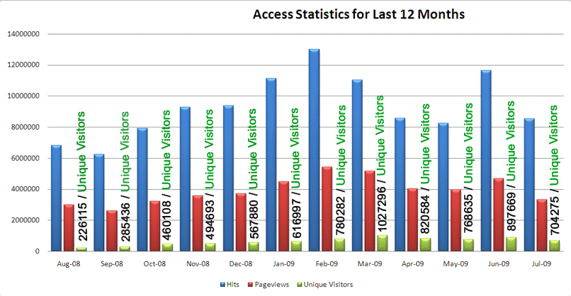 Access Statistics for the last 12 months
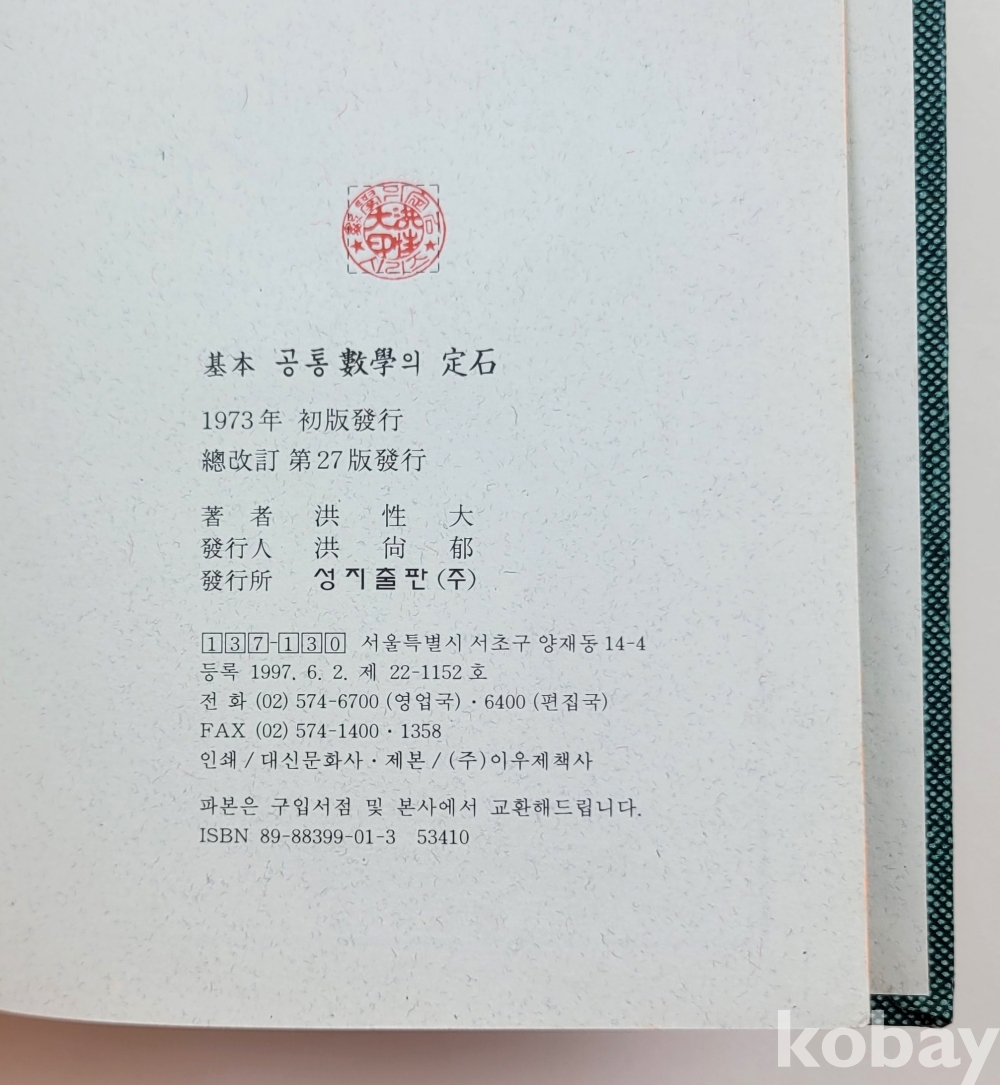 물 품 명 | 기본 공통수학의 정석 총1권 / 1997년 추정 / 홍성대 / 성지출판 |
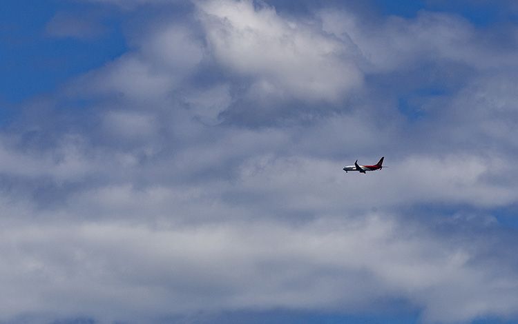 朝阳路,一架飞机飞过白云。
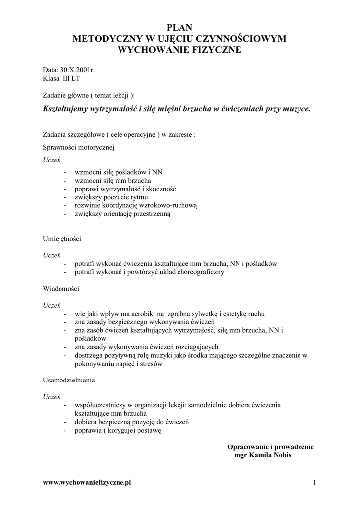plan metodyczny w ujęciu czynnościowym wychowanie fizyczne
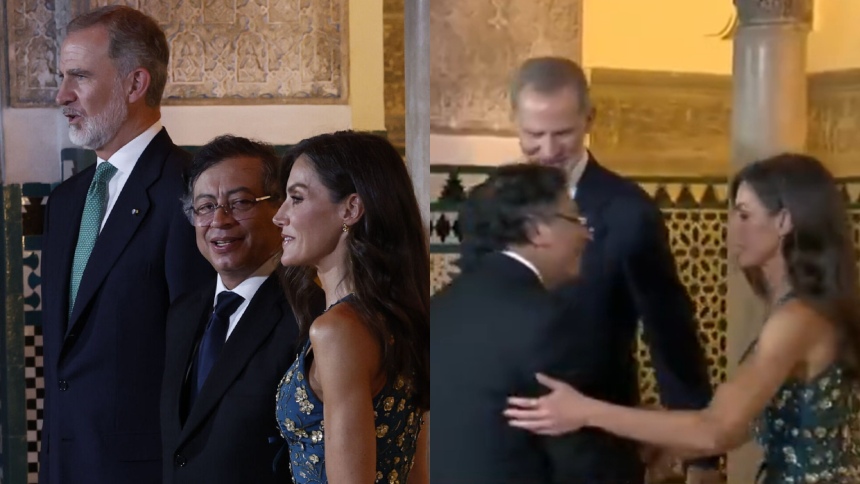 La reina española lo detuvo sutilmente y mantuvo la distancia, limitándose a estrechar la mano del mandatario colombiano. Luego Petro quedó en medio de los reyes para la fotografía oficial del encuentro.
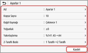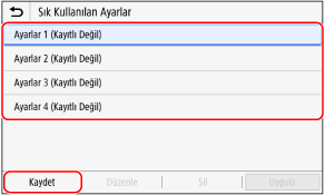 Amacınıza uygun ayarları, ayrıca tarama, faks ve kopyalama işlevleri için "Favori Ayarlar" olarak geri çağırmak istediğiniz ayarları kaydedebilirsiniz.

# # # # # # #

ACTIVITY: In the listing, find the line containing "La reina española" and repeat it and every later line through the last one, word for word, excluding the pictures.

PROBLEM SOLUTION:
 La reina española lo detuvo sutilmente y mantuvo la distancia, limitándose a estrechar la mano del mandatario colombiano. Luego Petro quedó en medio de los reyes para la fotografía oficial del encuentro.
 Amacınıza uygun ayarları, ayrıca tarama, faks ve kopyalama işlevleri için "Favori Ayarlar" olarak geri çağırmak istediğiniz ayarları kaydedebilirsiniz.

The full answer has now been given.